Короче говоря, вернулся я как-то из колонии и застал хозяйкой в доме уже эту самую Магилло. Она протянула мне пухлую руку с короткими, будто обкусанными ногтями и всю в крупных пестрых веснушках, а глазки завела кокетливо под белые ресницы и показала мне коробку таких вставных зубов, будто в свободное время грызла камни.
– Магилло, – сказала она басом. – Я уверена, что мы станем друзьями.
Ей, видимо, была по вкусу добрая пьеска «Ласковая мачеха и беспутный пасынок». Я сел на стул, закинул ноги на кровать и сказал отцу:
– Ну-ка развяжи шнурки, ноги затекли чего-то. – А ей дружески улыбнулся: – Послушайте, мадам Могила, у вас зубы-то вставные вроде?
Она ошарашенно кивнула, но все-таки поправила:
– Магилло, а не Могила…
– Не влияет. Вот и возник у меня вопрос: чего бы вам было не сделать себе зубы поменьше, когда челюсть новую заказывали? А то тяжело ведь носить, наверное?

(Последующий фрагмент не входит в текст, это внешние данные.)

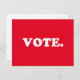 Rösta rött och vitt modernt typografiskt vykort. Vit text på röd bakgrund.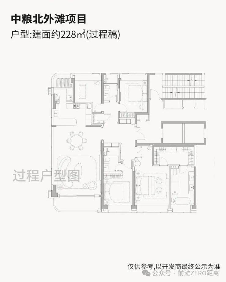 【中粮·北外滩壹号】 即将入市的高层户型建面约185-228㎡纯粹4房,尺度感相当奢阔!高层户型均为两梯两户独立电梯厅配置,隐私性与尊崇感拉满!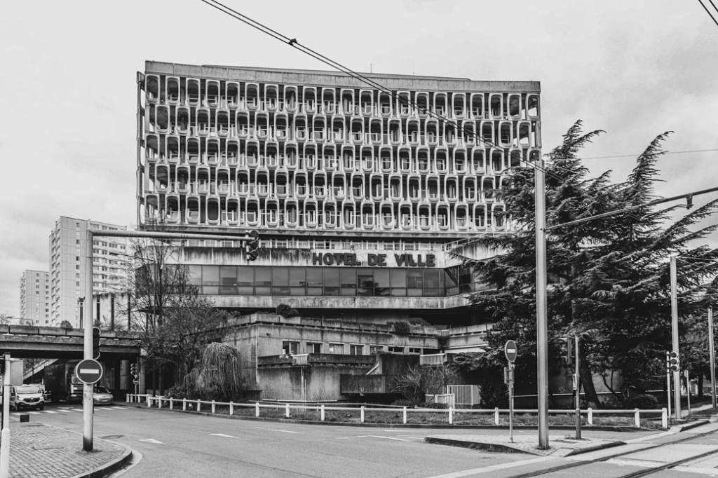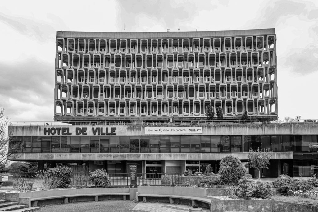 Het stadhuis van Bobigny – Hôtel de Ville – grenst aan het Centre Commercial. Het is een schoolvoorbeeld van brutalistische architectuur, met zijn – wederom – corduroy-beton in combinatie met béton brut: onafgewerkt beton waarin de houtstructuur van de mallen waarin het beton is gegoten, nog te zien is.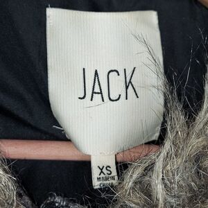 Jack by BB Dakota Leary Patterned Coat with Faux Fur Trim. Black and Grey pattern. Snaps and Toggle closures. Pockets on front. Drawstring at waist.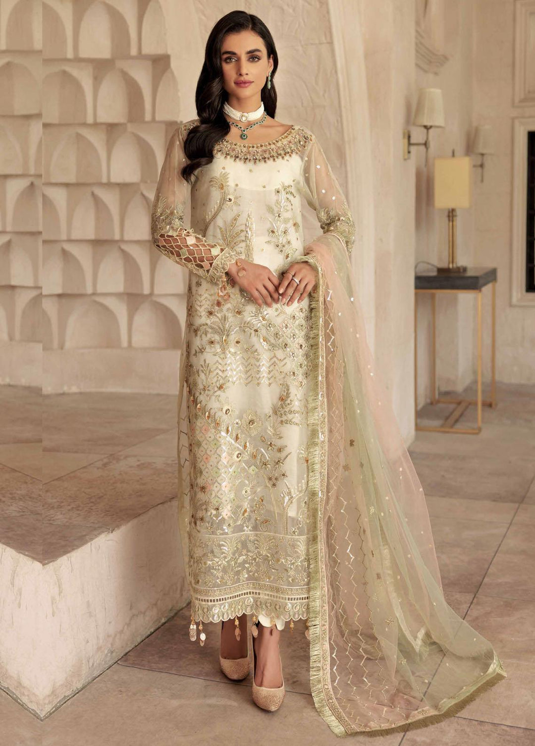 Aqs-e-Dast By Alizeh Fashion Embroidered Chiffon Suits Unstitched 3 Piece AFB22-F11 03 Jahanara - Festive Collection

Отец вынырнул из-за ее спины, зябко умывая ладошки:
– Эт-то, Леха, эт-то, значит, ты не думай, чего там… У нее своя жилплощадь есть. Но мы не живем там – боимся, дед умрет, комнату заберут. Для тебя комнату берегу-то… Может, остепенишься, жить где будет…
– Подавись своей комнатой. Только на глазах у меня не мелькай…
Дед сидел у подоконника, ко всему равнодушный, бесцветный, серый какой-то, и только длинная волосатая родинка на щеке – «мышка» – выделяла его на фоне стены.
Вот туда мне и надо было сейчас вернуться, к зубастой Магилло, папашке своему скользенькому и впавшему в идиотизм деду.
Доел я свою пайку, встал и пошел не спеша по Петровскому бульвару до Трубной площади, а оттуда вверх, по кривому, горбатому, очень старому Печатникову переулку. К себе домой. Когда-то я ходил по этому переулку в школу. Теперь вот возвращаюсь из школы. Я шел по светлой стороне улицы. Шел медленно, не оглядываясь, лениво покуривая сигарету. Если за мной идет «хвост», он должен хорошо разглядеть, как я пришел домой.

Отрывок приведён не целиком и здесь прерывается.